**Data for this task**
=== Begin Enclosure ===

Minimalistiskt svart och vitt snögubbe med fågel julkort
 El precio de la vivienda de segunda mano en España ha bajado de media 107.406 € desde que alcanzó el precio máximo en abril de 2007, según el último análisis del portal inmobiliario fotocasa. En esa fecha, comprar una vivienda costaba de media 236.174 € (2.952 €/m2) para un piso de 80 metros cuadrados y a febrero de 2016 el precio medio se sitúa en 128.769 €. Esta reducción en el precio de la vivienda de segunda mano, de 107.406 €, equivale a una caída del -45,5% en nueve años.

=== End Enclosure ===
=== Begin Enclosure ===

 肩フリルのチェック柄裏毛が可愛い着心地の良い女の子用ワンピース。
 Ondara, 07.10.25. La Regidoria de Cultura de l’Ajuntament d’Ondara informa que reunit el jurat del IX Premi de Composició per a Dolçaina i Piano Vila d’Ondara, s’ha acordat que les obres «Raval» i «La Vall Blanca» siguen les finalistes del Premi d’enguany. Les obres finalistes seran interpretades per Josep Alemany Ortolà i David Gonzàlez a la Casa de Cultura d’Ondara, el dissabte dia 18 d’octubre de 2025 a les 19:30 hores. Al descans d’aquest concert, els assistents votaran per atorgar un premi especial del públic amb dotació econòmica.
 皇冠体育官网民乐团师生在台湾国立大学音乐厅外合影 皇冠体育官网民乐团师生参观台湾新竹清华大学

=== End Enclosure ===

**What you have to do**
From the entries above, extract only the lines running from the one containing "Ondara, 07.10.25. La" through the one containing "皇冠体育官网民乐团师生在台湾", inclusive.

**Answer to the exercise**
 Ondara, 07.10.25. La Regidoria de Cultura de l’Ajuntament d’Ondara informa que reunit el jurat del IX Premi de Composició per a Dolçaina i Piano Vila d’Ondara, s’ha acordat que les obres «Raval» i «La Vall Blanca» siguen les finalistes del Premi d’enguany. Les obres finalistes seran interpretades per Josep Alemany Ortolà i David Gonzàlez a la Casa de Cultura d’Ondara, el dissabte dia 18 d’octubre de 2025 a les 19:30 hores. Al descans d’aquest concert, els assistents votaran per atorgar un premi especial del públic amb dotació econòmica.
 皇冠体育官网民乐团师生在台湾国立大学音乐厅外合影 皇冠体育官网民乐团师生参观台湾新竹清华大学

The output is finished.